Sources The largest collection of Petersen's work is held by the Brunnier Art Museum of Iowa State University, Ames, which has published and maintains a catalogue raisonné of the artist's work and which presented a retrospective exhibition of Petersen's career in 2000. As part of its University Museums, Iowa State University has established the Christian Petersen Art Museum, dedicated to Petersen's legacy. For more on Petersen, see Patricia Lounsbury Bliss, Christian Petersen Remembered (1986); and Lea Rosson DeLong, Christian Petersen, Sculptor (2000), which includes a catalogue raisonné listing all of Petersen's works.
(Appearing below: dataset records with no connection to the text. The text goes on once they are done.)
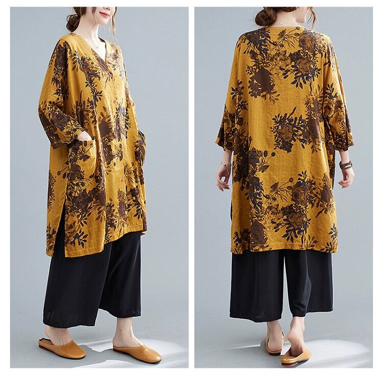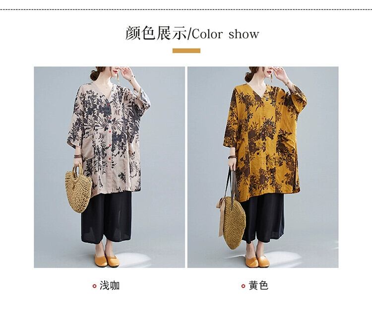 プラスサイズの女性の綿とリネンのシャツドレスの女性の夏ルーズ脂肪ミリメートル中国風水墨画 V ネックミッドレングスドレス コットン 大きめサイズ サマー 夏物 Vネック sine68128255376
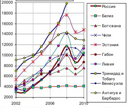 вот вам интересный график ВВП на душу населения обратите внимание - оказывается не мы одни осчастливлены Путиным. такие же замечательные президенты облагодетельствовали собой и другие страны (соответствующие нам по указанному показателю)
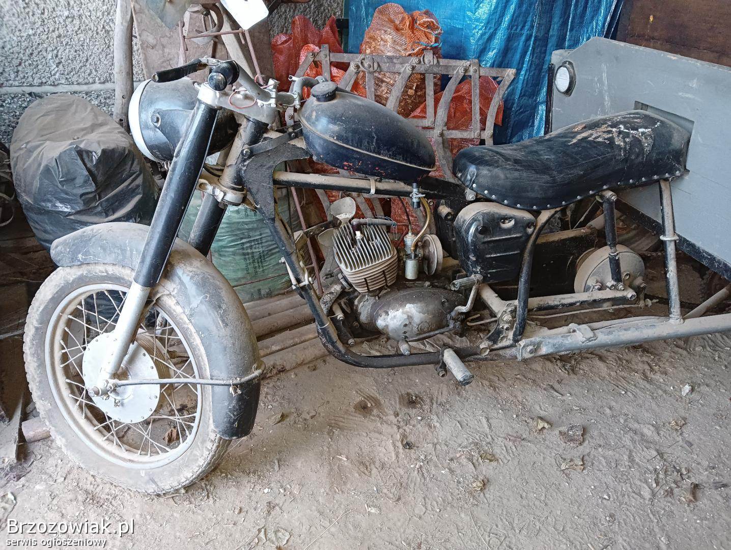 Trójkołowiec z silnikiem wsk, reszta pannonia. Rama motocykla nie była cięta, konstrukcja trójkołowca jest przykręcana. Możliwość przywrócenia motocykla. Mam oryginalny zbiornik. Latem odpalał. Mogę zamienić silnik na oryginalny z tego motocykla mam go w częściach.
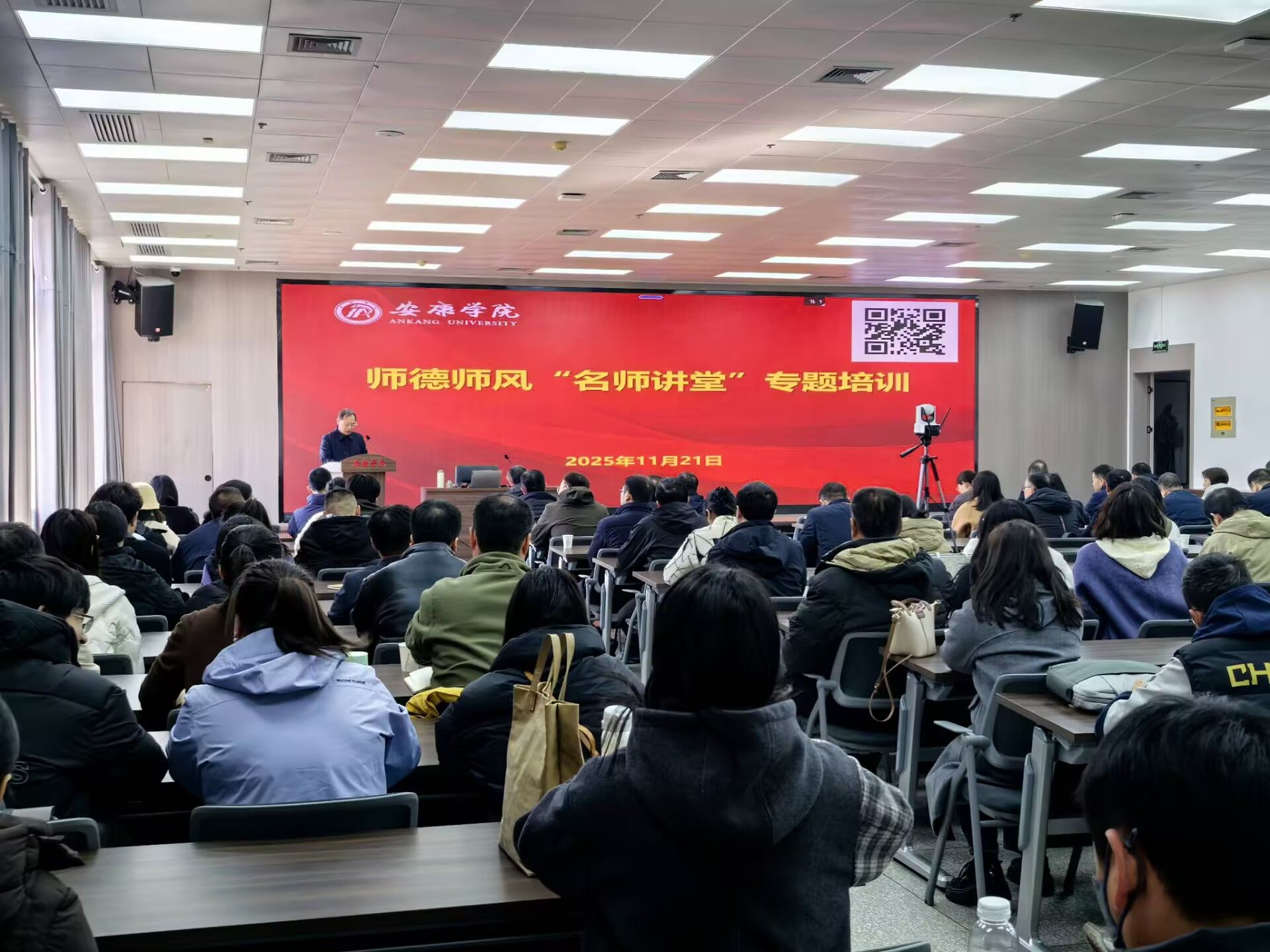 11月21日,我校在江南校区成功举办师德师风“名师讲堂”活动。本次活动特邀延安大学田伏虎教授作题为《加强师德师风建设,塑造“四有”好老师》的专题讲座。安康职业技术学院2025年新入职教师、我校近三年新进教师、副处级以上领导干部参会学习。活动由教师工作部部长汪义瑞主持。
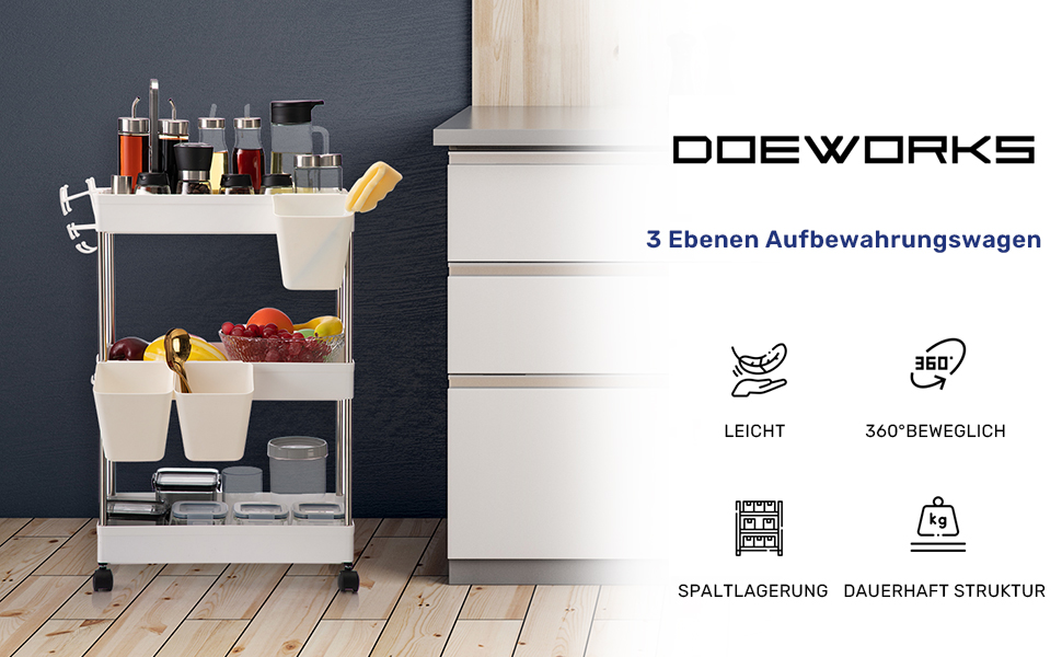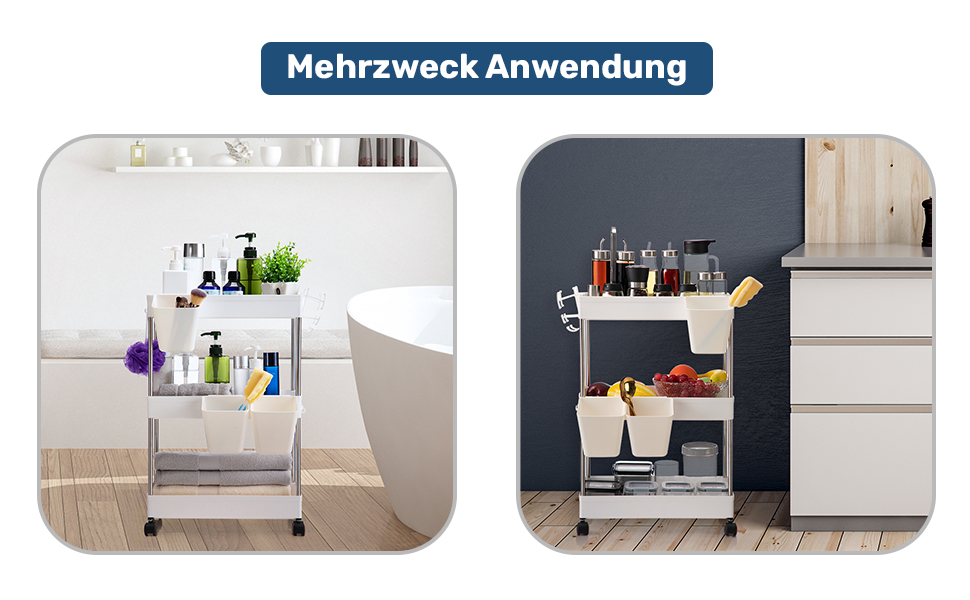 Dieser multifunktionale Aufbewahrungswagen erweist sich als äußerst praktisch für unterschiedlichste Einsatzbereiche. Er fungiert nicht nur als Küchenwagen, sondern eignet sich auch hervorragend als Badezimmerwagen, Barwagen, Bastelwagen oder sogar als Babyzimmerwagen. Durch seine kompakte Bauweise kann er einfach verstaut werden und ist ideal zum Transportieren von Gegenständen, sei es als Organisationsregal, Servierwagen, Lagerregal oder Werkzeugwagen – Ihrer Kreativität sind keine Grenzen gesetzt.

For confirmation and details of the Petersen family emigration, see August L. Bang, "Sculptor, Christian Petersen," typescript in Christian Petersen Papers, Special Collections, Iowa State University Library, Ames. For more on Petersen's experience on the PWAP, the influence of Grant Wood on his work, and a history of the Iowa State University murals, see Lea Rosson DeLong, When Tillage Begins, Other Arts Follow: Grant Wood and Christian Petersen Murals (2006).